Search papers, labs, and topics across Lattice.
The paper introduces Open-Reasoner-Zero, an open-source implementation for scaling reinforcement learning on base models for reasoning tasks. It demonstrates that a simple PPO with GAE, combined with rule-based rewards and without KL regularization, can achieve state-of-the-art performance on reasoning benchmarks like AIME2024, MATH500, and GPQA Diamond, surpassing DeepSeek-R1-Zero while using only 1/10th of the training steps. The paper also analyzes the learned critic's ability to identify and devalue repetitive response patterns, leading to more robust advantage estimation and improved training stability.
Forget complex RLHF pipelines: simple PPO with rule-based rewards can outperform state-of-the-art reasoning models while slashing training costs by 90%.

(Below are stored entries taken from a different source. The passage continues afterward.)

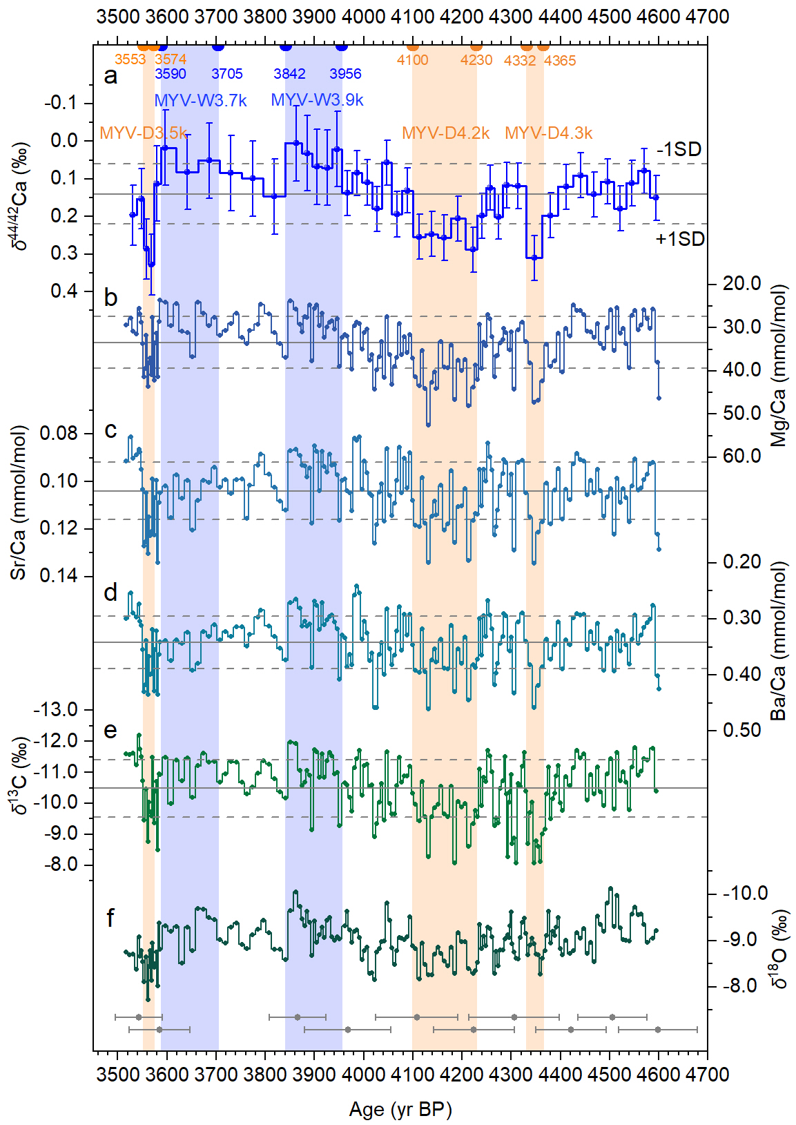 研究采用了多指标协同的分析策略(图2)。其中,石笋中的钙同位素比值(d44/42Ca)是该次研究的“王牌”指标。其响应气候变化的原理在于降水通过碳酸盐的优先沉积影响钙同位素组成。降雨少,喀斯特系统渗流时间延长,优先沉淀充分,石笋d44/42Ca升高,反之亦然。基于现代洞穴监测工作构建的钙同位素分馏模型、岩溶水文学模型等,建立d44/42Ca和年降雨量关系式,为定量重建中全新世长江中游降水量奠定扎实的基础。重建的结果表明,在距今4600年至3500年间,长江中游地区的平均年降雨量约为850毫米,但存在多年代的波动,表现为三个显著的干旱期和两个湿润期(图3)。干旱期(年降雨量低于700毫米)分别出现在距今大约4360、4230和3570年,持续时间分别为40、150和50年;而湿润期(年降雨量超过1000毫米)出现在距今约3950和3700年,持续时间分别为140年和80年。
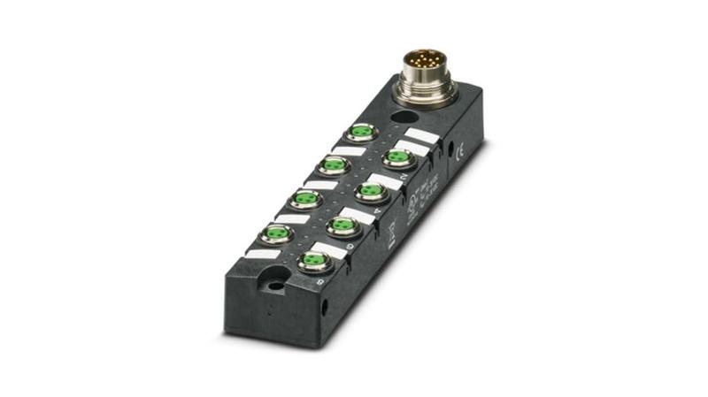 The Phoenix Contact Sensor/actuator box has 8 slots, 3 positions with M8 socket connection system. It has a CuZn contact material, rated voltage of 24 V DC and total rated current of 6 A._x000D_
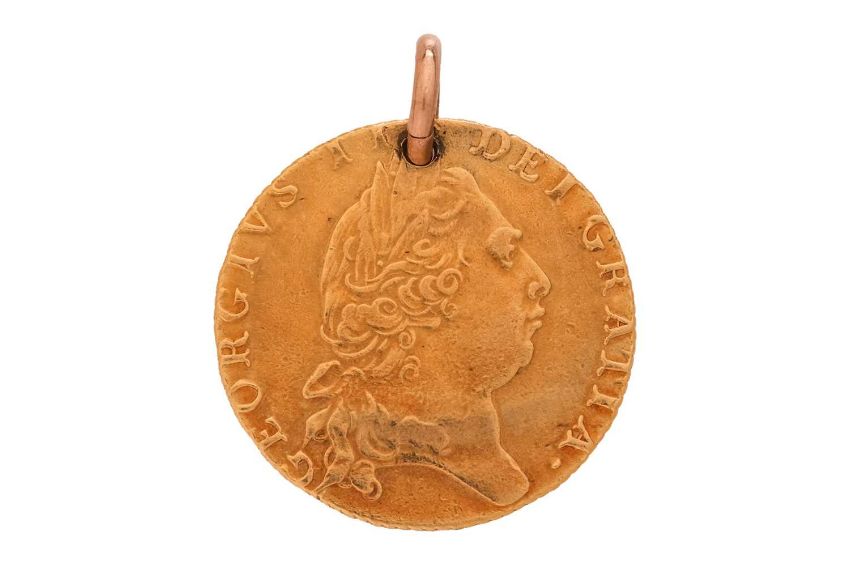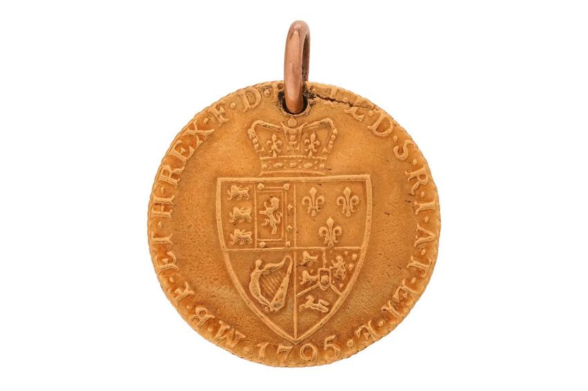 A George III Guinea, dated 1795, pierced with a pendant ring, gross weight 8.6g.
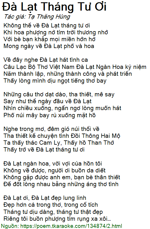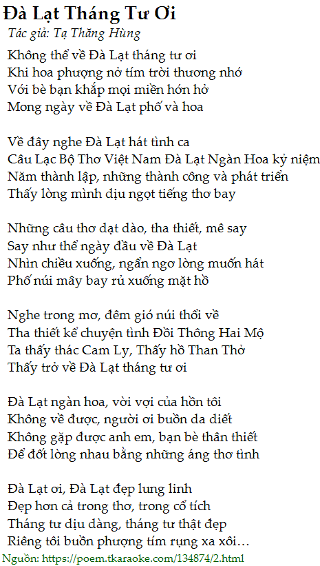 Thấy trở về Đà Lạt tháng tư ơi
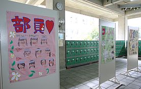 中学ロッカーゾーンでは、部活動壁新聞が展示されています。これは文化祭で展示したものですが、出演を控えゆっくり見て回る時間が無かった生徒の為に、また、来校者に本校の様子を知ってもらうために、展示しています。スペースの関係で、全体を三期に分割しての展示になります。
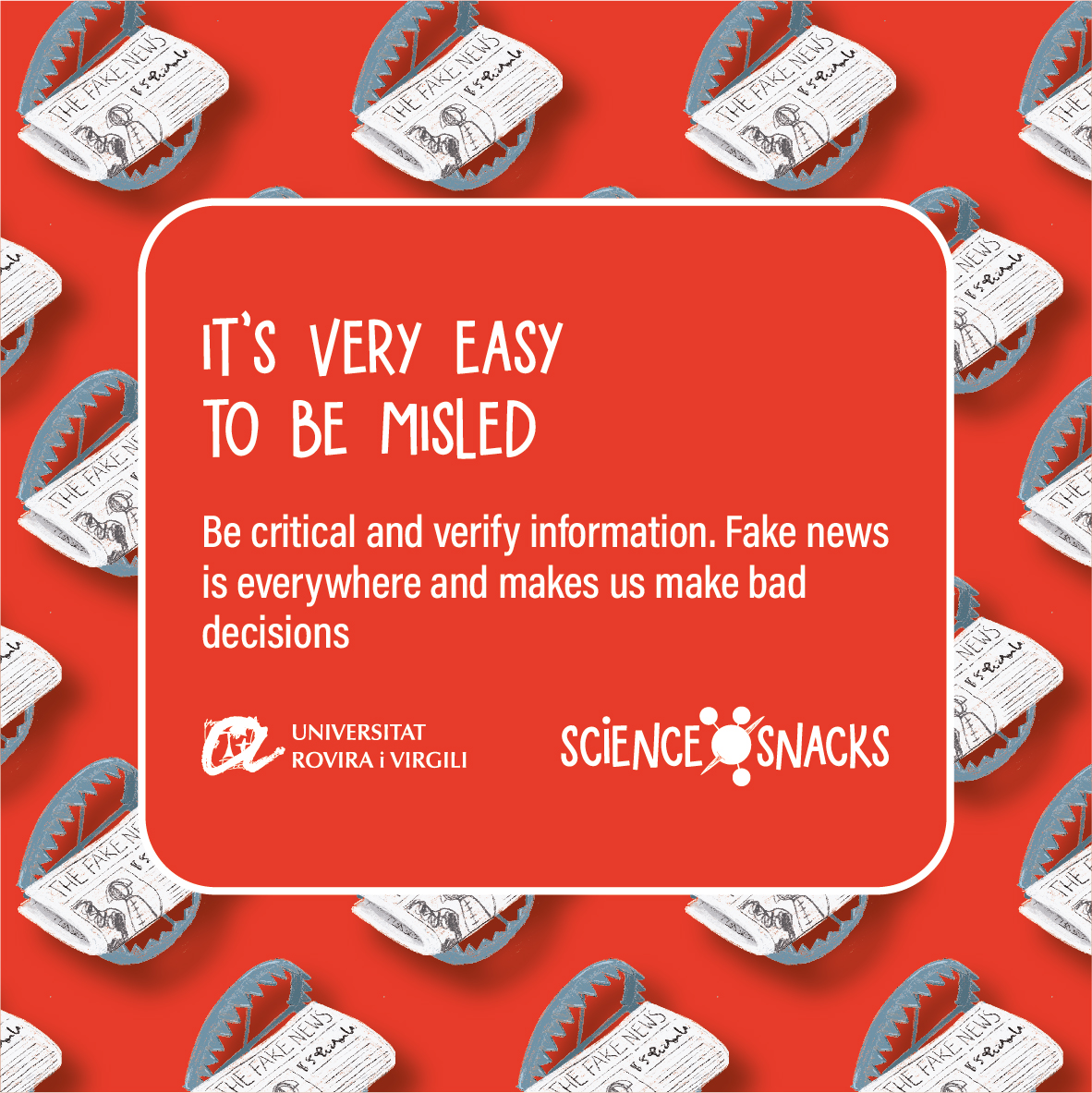 disinformation or fake news is deliberately false information that is distributed through the media and social media. Behind any false information there is always an actor (economic, political or social) who wants to profit from the falsehood, for example, to win an election, to make money, to gain influence and power, etc. Often, disinformation doesn't just aim to deceive us, but also makes us doubt reliable sources, leading us to a point where we no longer believe anything or anyone.
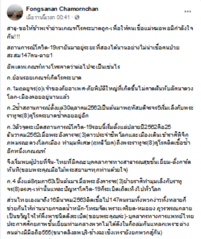 เมื่อวันที่ 17 มีนาคม 2563 ที่เฟซบุ๊ก Fongsanan Chamornchan ได้ระบุข้อความว่า…สาธุ-ขอให้ข้าพเจ้าอ่านเกณฑ์โรคระบาดถูก-เพื่อให้คนเชื่อแม่หมอพอมีกำลังใจกันสถานการณ์โควิด-19เรายันมาอยู่ระยะที่สองได้นานอย่างไม่น่าเชื่อคนป่วยสะสม 147 คน อัพเดทเกณฑ์ทางโหรคาดว่าต่อไปจะเป็นเช่นไร
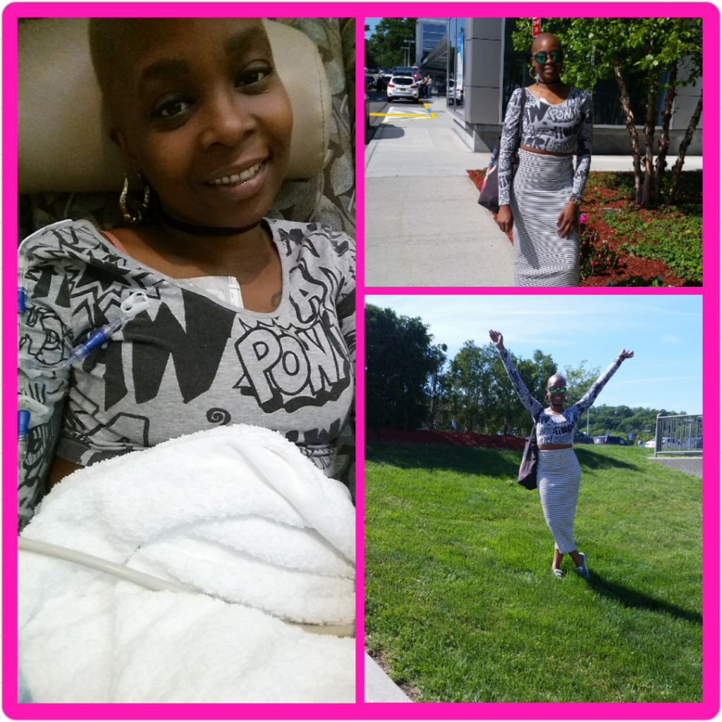 ” Today was my 2nd to last chemo treatment. WOOHOO!!!!!! Neuropathy from this damn chemo is becoming unbearable. The electric shocking feeling in my hands and feet straight startled and woke me up from the 2 hours of sleep I finally got last night smh. It was so bad, mommy had to zip the side of my skirt for me because my fingertips couldnt “feel” the zipper! WTH, how di hell am I supposed to step out and slay in these streets if I can’t even complete the final touches of the ‘fit?!?! I was thissssss close to just throwing on some sweats, and not drawing on my eyebrows but I decided to push through the pain and go for it! I took maybe 10 steps into the treatment center, and the lady that signs everyone in shouts “Deniece, don’t you look great today! Keep smiling, its contagious!” I didn’t even know I smiled bc I felt like sh*t but her comment instantly made me appreciate the fact that my smile that was hiding all the pain could actually help someone else.”

We introduce Open-Reasoner-Zero, the first open source implementation of large-scale reasoning-oriented RL training on the base model focusing on scalability, simplicity and accessibility. Through extensive experiments, we demonstrate that a minimalist approach, vanilla PPO with GAE ($\lambda=1$, $\gamma=1$) and straightforward rule-based rewards, without any KL regularization, is sufficient to scale up both benchmark performance and response length, replicating the scaling phenomenon observed in DeepSeek-R1-Zero. Using the same base model, Qwen2.5-32B base, as DeepSeek-R1-Zero-Qwen-32B, our implementation achieves superior performance across AIME2024, MATH500, and GPQA Diamond, while demonstrating remarkable efficiency, requiring only 1/10 of the training steps compared to the DeepSeek-R1-Zero pipeline. Moreover, our analysis not only covers training dynamics and ablation for critical design choices, but also quantitatively shows how the learned critic in Reasoner-Zero training effectively identifies and devalues repetitive response patterns, yielding more robust advantage estimations and enhancing training stability. Embracing the principles of open-source, we release our source code, training data, and various model weights, fostering reproducibility and encouraging further exploration of the properties of related models.